Stage III: Task-Specific Post-Training and Embodiment Adaptation

Fine-tune on target-domain trajectories to adapt the model to specific robot embodiments and refine task-specific manipulation skills.

# Stage III: Task-Specific Fine-Tuning with Early Stopping

class StageIIITrainer:
    def __init__(self, pretrained_model, device, validation_split=0.1):
        self.model = pretrained_model.to(device)
        self.device = device
        self.validation_split = validation_split

        # Lower learning rate for fine-tuning
        self.optimizer = AdamW(self.model.parameters(), lr=5e-6, weight_decay=1e-5)
        self.scheduler = torch.optim.lr_scheduler.CosineAnnealingLR(
            self.optimizer, T_max=100, eta_min=1e-7
        )

        self.best_val_loss = float('inf')
        self.patience = 15
        self.patience_counter = 0

    def fine_tune_epoch(self, train_dataloader, val_dataloader):
        """
        Fine-tune on task-specific data with early stopping.
        """
        train_loss = 0
        num_batches = 0

        self.model.train()
        for batch in train_dataloader:
            loss_dict = self.model.train_step(batch)
            loss = loss_dict['total_loss']

            self.optimizer.zero_grad()
            loss.backward()
            torch.nn.utils.clip_grad_norm_(self.model.parameters(), 0.5)
            self.optimizer.step()

            train_loss += loss.item()
            num_batches += 1

        train_loss /= num_batches

        # Validation
        val_loss = 0
        val_batches = 0
        self.model.eval()
        with torch.no_grad():
            for batch in val_dataloader:
                loss_dict = self.model.train_step(batch)
                val_loss += loss_dict['total_loss'].item()
                val_batches += 1

        val_loss /= val_batches
        self.scheduler.step()

        # Early stopping
        if val_loss < self.best_val_loss:
            self.best_val_loss = val_loss
            self.patience_counter = 0
            torch.save(self.model.state_dict(), 'best_model.pt')
        else:
            self.patience_counter += 1
            if self.patience_counter >= self.patience:
                print(f"Early stopping at validation loss {self.best_val_loss:.4f}")
                return True  # Stop training

        return False  # Continue training

    def prepare_task_dataset(self, raw_trajectories, task_id):
        """
        Prepare dataset for a specific task embodiment.
        raw_trajectories: list of trajectory dicts with obs, actions, language
        """
        processed = []
        for traj in raw_trajectories:
            obs = traj['observations']
            actions = traj['actions']
            lang = traj['instruction']

            # Normalize actions to [-1, 1] for this embodiment
            action_mean = actions.mean(axis=0)
            action_std = actions.std(axis=0) + 1e-8
            normalized_actions = (actions - action_mean) / action_std

            # Augment language with task context if available
            augmented_lang = f"{lang} [Task ID: {task_id}]"
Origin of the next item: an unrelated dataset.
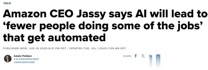 亚马逊CEO声称裁员并非AI驱动,同时又预测AI将淘汰工作岗位。

            processed.append({
                'observations': obs,
                'actions': normalized_actions,
                'language': augmented_lang,
                'action_stats': {'mean': action_mean, 'std': action_std}
            })

        return processed

Inference: Closed-Loop Rollout with Foresight

Deploy the trained model for real-time control by repeatedly predicting future frames and deriving actions.

# Inference: Closed-Loop Rollout with Adaptive Foresight

class F1InferenceController:
    def __init__(self, model, robot_interface, device, max_steps=500):
        self.model = model.eval().to(device)
        self.robot = robot_interface
        self.device = device
        self.max_steps = max_steps

    def rollout_episode(self, instruction, initial_obs, action_scale=1.0):
        """
        Run a closed-loop episode guided by predicted visual foresight.

        instruction: language goal (str)
        initial_obs: starting observation [C, H, W]
        action_scale: scale factor for action magnitude (safety mechanism)

        Returns: trajectory dict with obs, actions, success flag
        """
        trajectory = {
            'observations': [initial_obs],
            'actions': [],
            'predicted_futures': [],
            'language': instruction
        }

        current_obs = initial_obs.to(self.device).unsqueeze(0)

        with torch.no_grad():
            for step in range(self.max_steps):
                # Encode instruction
                lang_tokens = self.model.tokenize_language(instruction)

                # Stage 1: Understanding - establish semantic context
                semantic_repr = self.model.understanding_expert(
                    observations=current_obs,
                    language=lang_tokens
                )

                # Stage 2: Generation - predict next visual frame
                predicted_future_tokens = self.model.generation_expert(
                    semantic_repr=semantic_repr,
                    current_tokens=self.model.encode_tokens(current_obs)
                )

                # Decode tokens back to image space for monitoring
                predicted_future_frame = self.model.vq_vae.decode(
                    predicted_future_tokens[0]  # Use finest scale for control
                )
                trajectory['predicted_futures'].append(
                    predicted_future_frame.cpu().numpy()
                )

                # Stage 3: Action - compute inverse dynamics toward predicted future
                action_pred = self.model.action_expert(
                    current_tokens=self.model.encode_tokens(current_obs),
                    future_tokens=predicted_future_tokens,
                    semantic_repr=semantic_repr,
                    t=torch.zeros(1, device=self.device)  # Use deterministic flow at t=0
                )

                # Extract action and apply scaling for safety
                action = action_pred[0].cpu().numpy()
                action = action * action_scale

                # Clip to valid range
                action = np.clip(action, self.robot.action_min, self.robot.action_max)
                trajectory['actions'].append(action)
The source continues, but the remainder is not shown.